▸ **REQUIRED ACTION**
In the listing below, locate the line containing "Kontrastní sada ihned" and the line containing "艾莱家纺 2026新款A类水洗棉加厚绣花刺绣四件套-卡尔文 卡尔文-焦糖". Output both of them and every line between, exactly as written, and nothing more.

▸ **PROVIDED INFORMATION**

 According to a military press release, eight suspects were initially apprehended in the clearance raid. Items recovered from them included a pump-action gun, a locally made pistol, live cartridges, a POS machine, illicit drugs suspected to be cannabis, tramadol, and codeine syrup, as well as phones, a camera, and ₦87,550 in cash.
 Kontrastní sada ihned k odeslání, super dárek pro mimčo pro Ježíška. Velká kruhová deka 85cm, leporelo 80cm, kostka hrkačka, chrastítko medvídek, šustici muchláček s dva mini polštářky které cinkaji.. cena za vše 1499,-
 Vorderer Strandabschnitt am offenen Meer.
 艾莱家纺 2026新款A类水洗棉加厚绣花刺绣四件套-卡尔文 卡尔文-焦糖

---

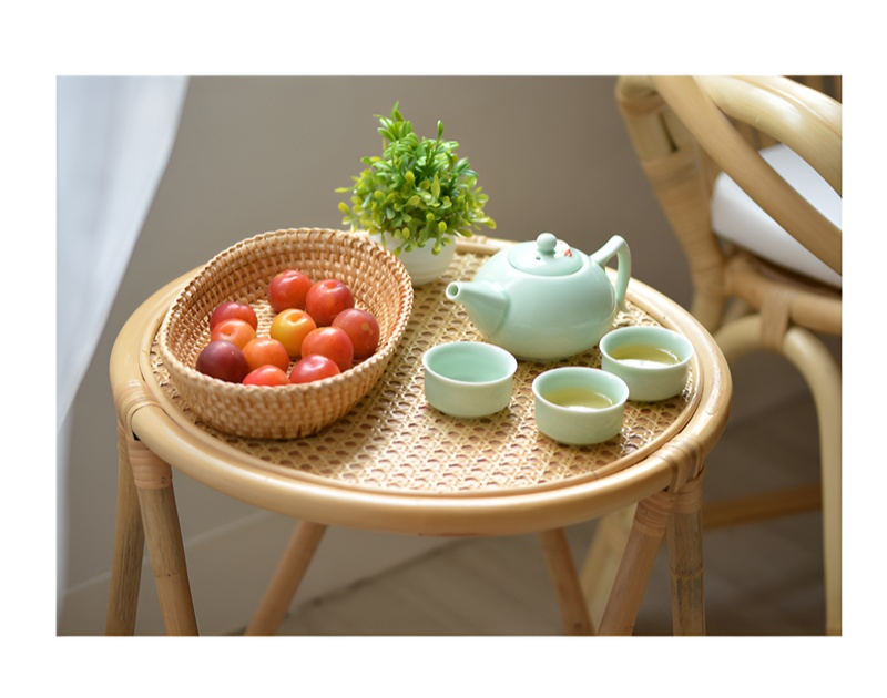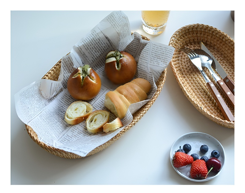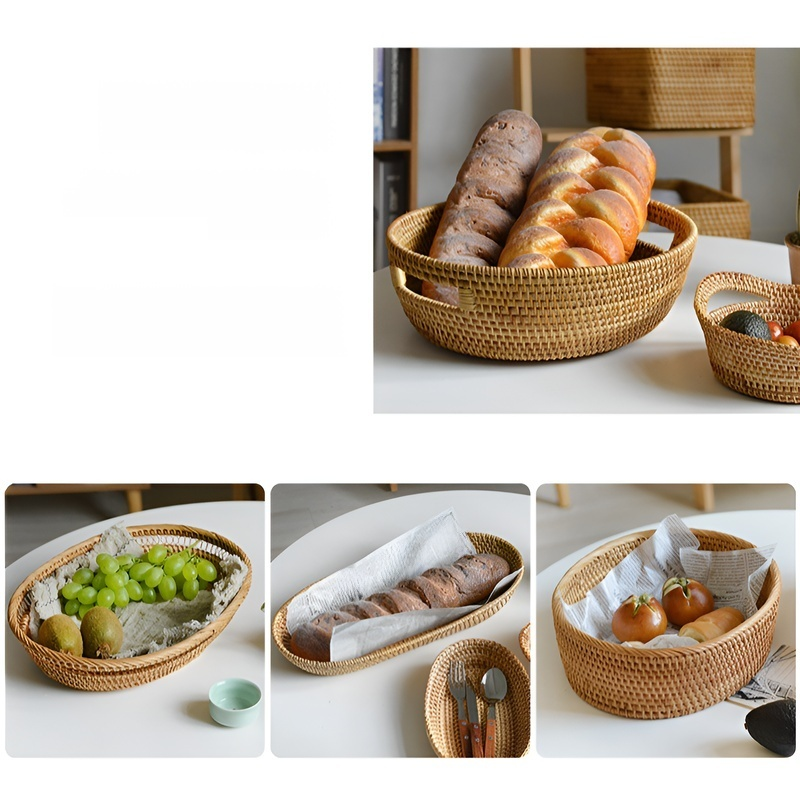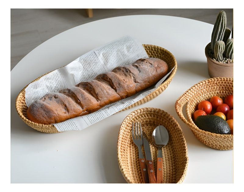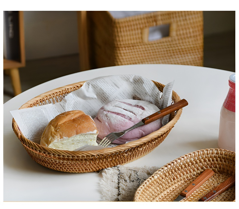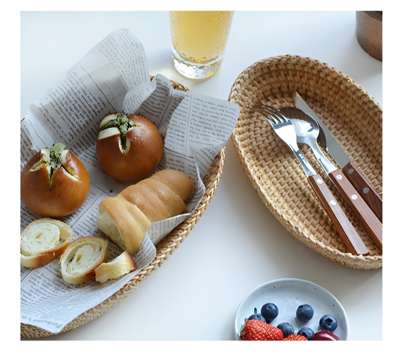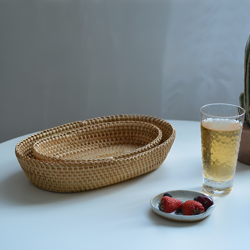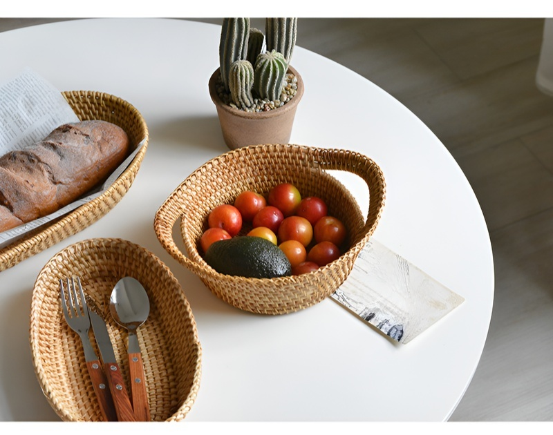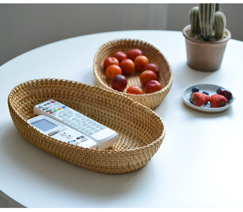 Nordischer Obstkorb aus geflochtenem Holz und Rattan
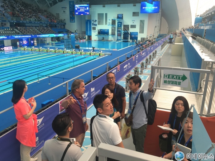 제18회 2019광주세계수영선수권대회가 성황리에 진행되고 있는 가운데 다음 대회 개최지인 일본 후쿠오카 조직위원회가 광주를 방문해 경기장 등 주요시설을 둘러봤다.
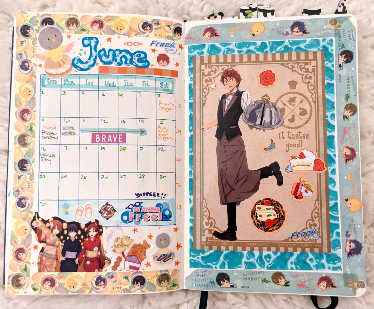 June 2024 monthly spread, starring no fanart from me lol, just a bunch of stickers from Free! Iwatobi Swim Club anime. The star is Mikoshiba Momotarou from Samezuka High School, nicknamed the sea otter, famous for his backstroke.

* * *

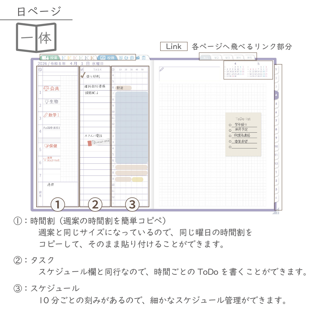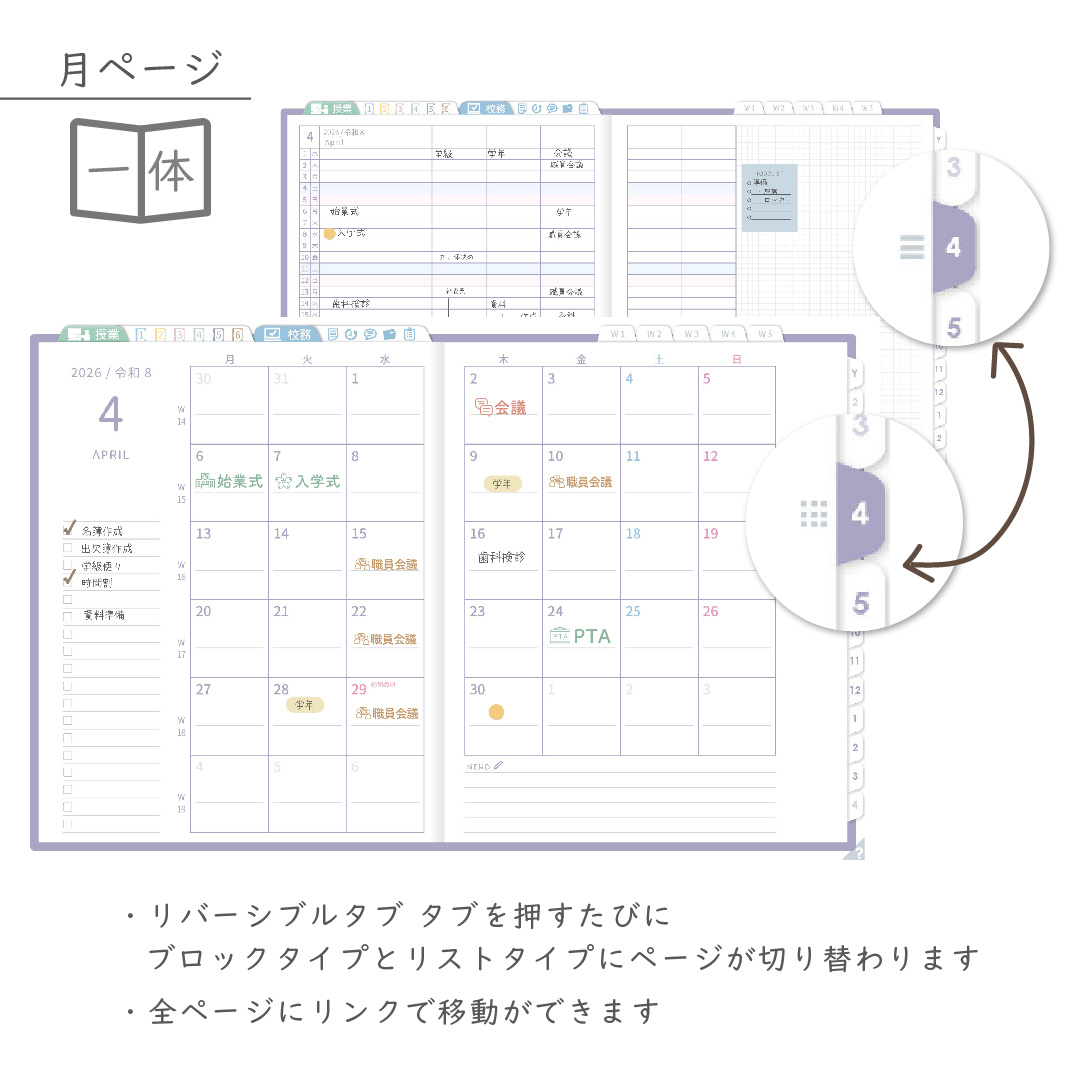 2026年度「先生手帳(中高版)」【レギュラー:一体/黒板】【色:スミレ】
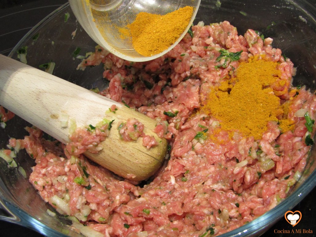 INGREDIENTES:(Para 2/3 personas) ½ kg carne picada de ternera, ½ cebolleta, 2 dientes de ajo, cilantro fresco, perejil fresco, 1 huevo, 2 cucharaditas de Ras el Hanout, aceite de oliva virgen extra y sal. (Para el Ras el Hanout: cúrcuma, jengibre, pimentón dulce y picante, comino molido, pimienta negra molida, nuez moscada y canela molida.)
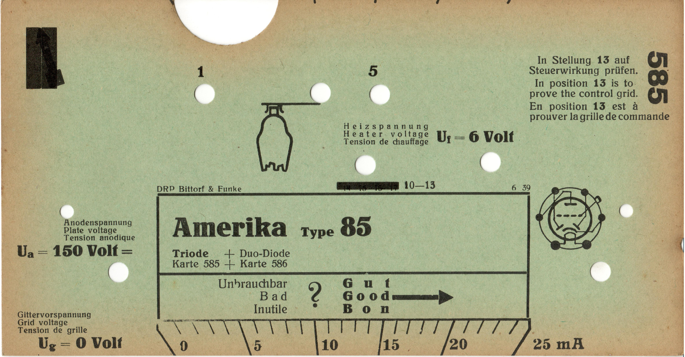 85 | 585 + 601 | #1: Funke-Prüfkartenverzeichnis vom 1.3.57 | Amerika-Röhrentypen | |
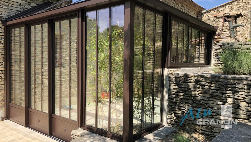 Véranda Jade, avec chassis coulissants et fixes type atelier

▸ **WRITTEN SOLUTION**
 Kontrastní sada ihned k odeslání, super dárek pro mimčo pro Ježíška. Velká kruhová deka 85cm, leporelo 80cm, kostka hrkačka, chrastítko medvídek, šustici muchláček s dva mini polštářky které cinkaji.. cena za vše 1499,-
 Vorderer Strandabschnitt am offenen Meer.
 艾莱家纺 2026新款A类水洗棉加厚绣花刺绣四件套-卡尔文 卡尔文-焦糖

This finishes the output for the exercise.